村中!
魏月怡早起神清气爽,细细算一下要分的银子。
总共两千七百两。
二八分,村民到手的拢共五百四十两。
再加上魏月怡单独给的红包,他们平日里一年才能挣到的银子可是到手了.
院子里热热闹闹,活像是过年一般。
有人恨不得提议烧上一串鞭炮,好好的庆祝庆祝。
魏月怡满心欢喜,并未阻止,弯了弯眼眸,手中白亮的银子越发的沉甸甸。
直到吃了宴席!
魏月怡这才说起下半年种植的事:“最近是秋收,种植药材的时机还未到,大家且先收着地里的麦子,水稻。
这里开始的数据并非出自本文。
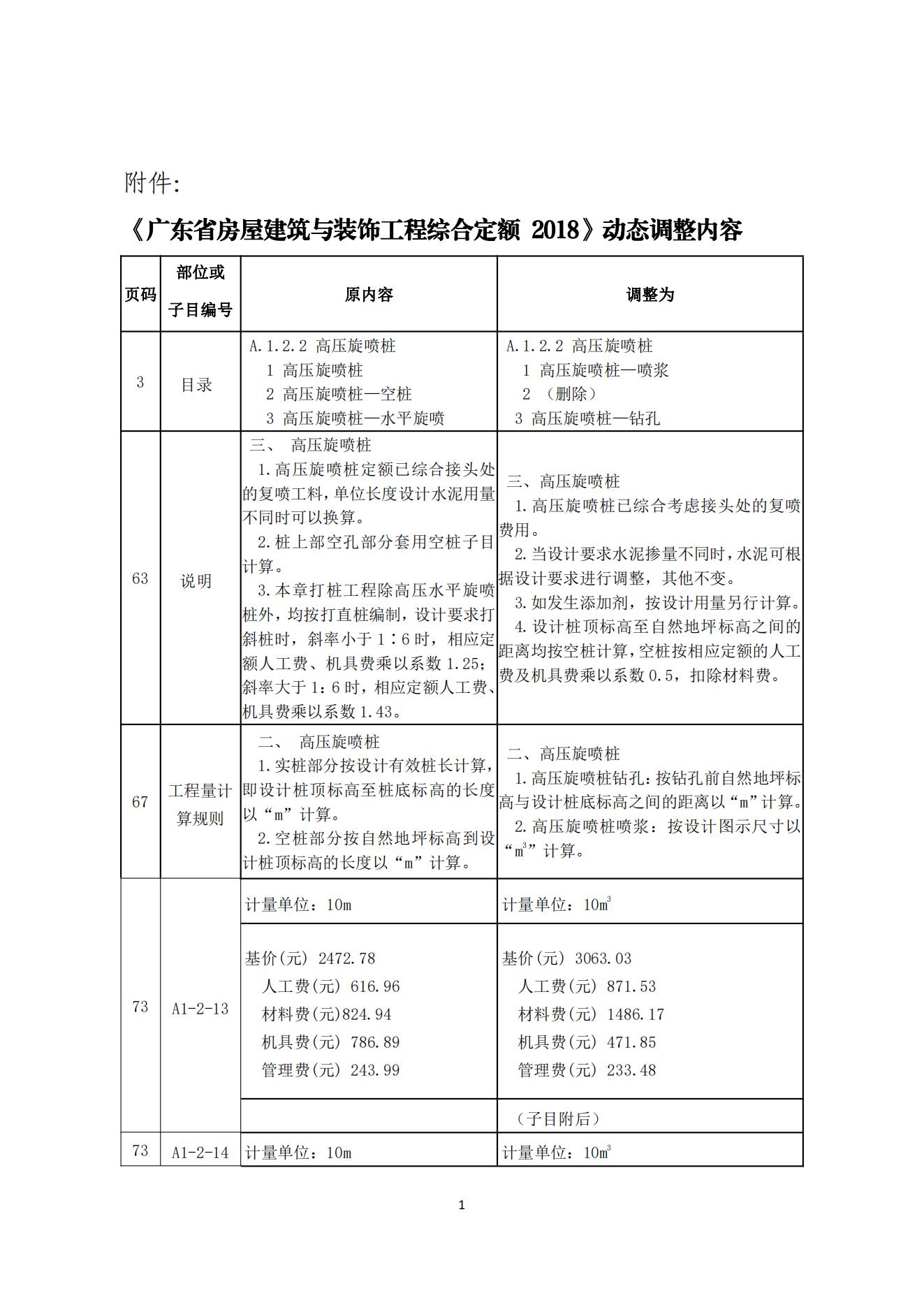 近期,我站组织专家研析了广东省建设工程定额动态管理系统收集的反馈意见,现将《广东省房屋建筑与装饰工程综合定额 2018》高压旋喷桩子目调整内容印发你们。本调整内容与我省现行工程计价依据配套使用,除合同另有约定外,已经合同双方确认的工程造价成果文件不作调整,请遵照执行。执行中遇到的问题,请通过“广东省工程造价信息化平台——建设工程定额动态管理系统”及时反映。

”
“再过上个把月,咱们又能种药材了!”
世上药材万万千千,但适合人工种植的,却还是少了些
毕竟很多药材用量不大,野生的先天性药效好,人工种植费了许多劲,也不一定能卖出好价格。
想要大规模种植的。
仍旧只是那些药效平平,但常用的药材,没过多久就是雨季,需等过去了,再来调节土质。
村民已经挣到过年的钱,再说药材也是魏月怡一律把控的,他们不懂,却也愿意听,基本没有意见。
本是即将散场,该回去的回去,该做事的做事。
偏在这时,不速之客突然来袭。
县令实在得意,抱着满是肥肉的肚子,迈着八字步乐颠颠的走来,随着捕快一脚将门踢开,他当即手指魏月怡和林豪宇。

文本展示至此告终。